Rev. Johnson has previously supported Israel on social media and said he still supports its right to exist. And after the mass shooting at the Tree of Life synagogue in Pittsburgh in 2018, he linked “the struggles and crimes against humanity committed against people of African descent” to the mass murder of Jews during the Holocaust.

“And if we remain silent… crimes against humanity seem to be the loudest voices we hear,” he wrote at the time. “So let us, the fighters against hate, stand up and be held accountable.”

Johnson on Wednesday also referred to the killing of three Jewish students who fought for civil rights in Mississippi in 1964. “I believe that the history of the Jewish community and solidarity with the African-American community is a relationship that should always be maintained.” – he said.

But from October 2023, Johnson turned his attention to the war in the Gaza Strip. There is also a long history Black-Palestinian solidarity.

“How can a group of people affected by the Holocaust; joining the alt-right community today?” Johnson wrote last December.

“The ideology of the Nazi Germans was adopted by Zionist Jews,” he wrote in February. “The Israeli government is proposing to renew the use of Nazi language once referred to European Jews as ‘savages, dogs, vermin,’” he added in March. Most of these messages now appear to have been deleted.

In the past year, senior Israeli government officials have regularly used inflammatory language, calling Palestinians “human animals,” “savages” and “children of darkness.”
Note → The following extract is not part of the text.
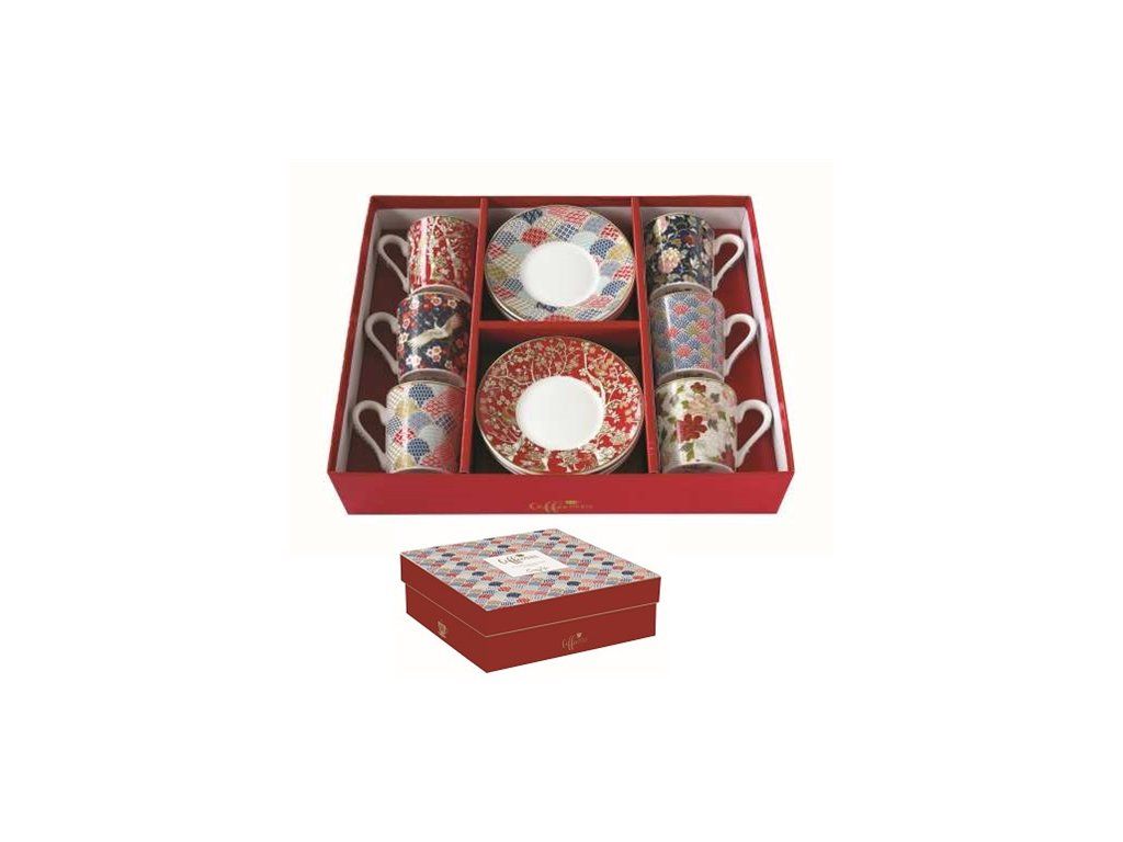 Elegantný set porcelánových šáločiek na espresso Vás očarí svojimi vzormi. Každý hrnček je jedinečný a zároveň ladiaci s ostatnými v sete. Je to vhodný darček pre milovníkov kávy, predáva sa v darčekovom balení. Šáločky s tanierikmi sú vhodné do umývačky riadu a mikrovlnnej rúry. 100ml, darčekové balenie, porcelán s farebnou potlačouDodatočné parametre

In a December 2023 post, Johnson shared a video of writer and journalist Ta-Nehisi Coates sharing his experiences visiting the Occupied Palestinian Territories and what he called Israel’s apartheid government. Johnson commented: “I suspect my Jewish friends, or perhaps “former” friends, will post a retraction of this post. I cannot support Israel until it relents and ends apartheid.”

Rev. Johnson wrote on New Year’s Eve: “Let us enter 2024 with a commitment to change the narrative and the power, yes, to force Israel to atone for its shameful attempt at genocide against the (Palestinian) people.”

In March, he wrote that his “heart breaks into additional pieces when I remember the people I work with and count as my friends in the fight against anti-Semitism, who today not only defend Israel’s ongoing acts of genocide, but also tell me to my face, that I was funny.”

Many countries accuse Israel of committing genocide and have taken the case to the International Court of Justice, which has found compelling evidence to support their case. The United States and Israel deny that the war in the Gaza Strip constitutes genocide. Additionally, some of the world’s leading human rights organizations have concluded that Israel runs a supremacist apartheid regime in the Palestinian territories, a characterization Israel and its allies reject.

Johnson also sometimes painted Jews with a broad brush, asking, “How long will the Jewish people in America tolerate these crimes?”

That same month, he also wrote: “I’ve been saying this since October 2023. People have the absolute right to attack their oppressors by any means necessary!!!”

Last year he acknowledged that his comments could be criticized. But in one post he wrote: “I am not an anti-Semite. I am against injustice.”